General entry requirements

A level:

• A*A*A including A* in both Mathematics and Further Mathematics, plus grade 2 in any STEP
• OR A*A*A* including Mathematics and Further Mathematics
• OR A*A*AA including A* in both Mathematics and Further Mathematics

IB:

• 39 + STEP (grade 2) with 6 in three Higher Level subjects to include Mathematics ('Analysis and Approaches' only)
• OR 39 with 7, 6, 6 in three Higher Level subjects to include Mathematics ('Analysis and Approaches' only)

BTEC:

• We welcome applications from students taking a BTEC alongside A level Mathematics and Further Mathematics

Additional requirements:

You can take the Mathematics Admissions Test (MAT) or the Test of Mathematics for University Admissions (TMUA) before applying.
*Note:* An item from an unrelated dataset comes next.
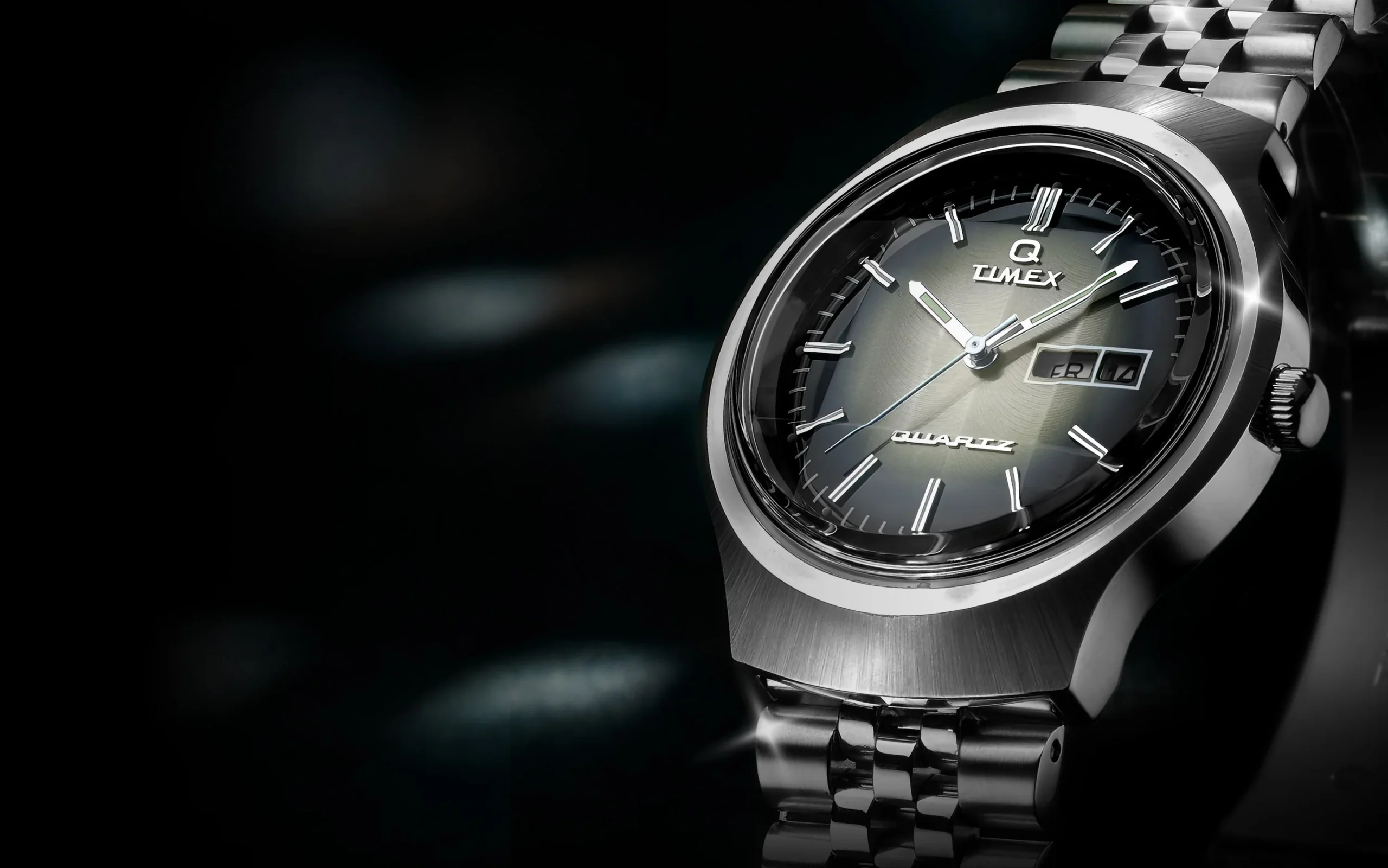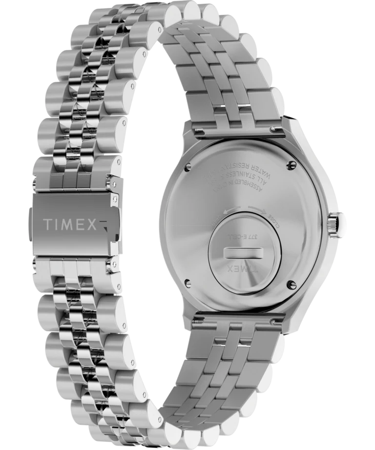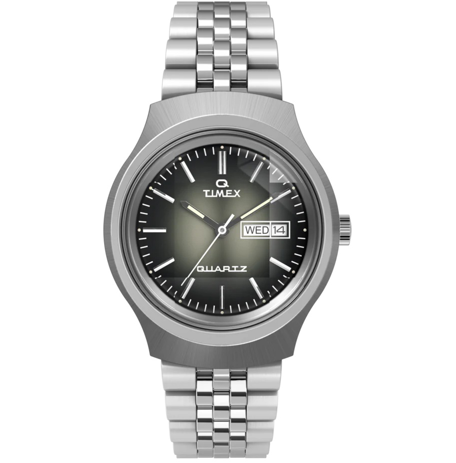 Vår Q Timex Reissue Dégradé är en fantastisk hyllning till en av våra mest ikoniska Q-modeller från slutet av 70-talet. Den förblir trogen den ursprungliga designen med en unik kupolformad akrylkristall med intrikata inre aspekter som fångar och bryter ljus för att producera en fängslande illusion av djup och textur. När ljuset träffar den glänsande dégradé-urtavlan avslöjas en vacker, komplex skärm med rökig färg. Dess lockelse sträcker sig längre med en elegant 38 mm väska i borstat rostfritt stål, matchande armband i rostfritt stål och ett dag- och datumfönster som den tredje timmen. I linje med sitt Q-arv har denna klocka precisionen hos ett kvartsurverk, vilket säkerställer oklanderlig noggrannhet för de som är på resande fot.

Depending on your performance in your test/s, you may then be eligible for a reduced offer.

Find out more about MAT, TMUA and STEP.

You will also need to meet our English Language requirements.

International Students

We welcome applications from students with other internationally recognised qualifications.

Find out more about international entry requirements.

Contextual data and differential offers

Warwick may make differential offers to students in a number of circumstances. These include students participating in the Realising Opportunities programme, or who meet two of the contextual data criteria. Differential offers will be one or two grades below Warwick’s standard offer (to a minimum of BBB).

Warwick International Foundation Programme (IFP)

All students who successfully complete the Warwick IFP and apply to Warwick through UCAS will receive a guaranteed conditional offer for a related undergraduate programme (selected courses only).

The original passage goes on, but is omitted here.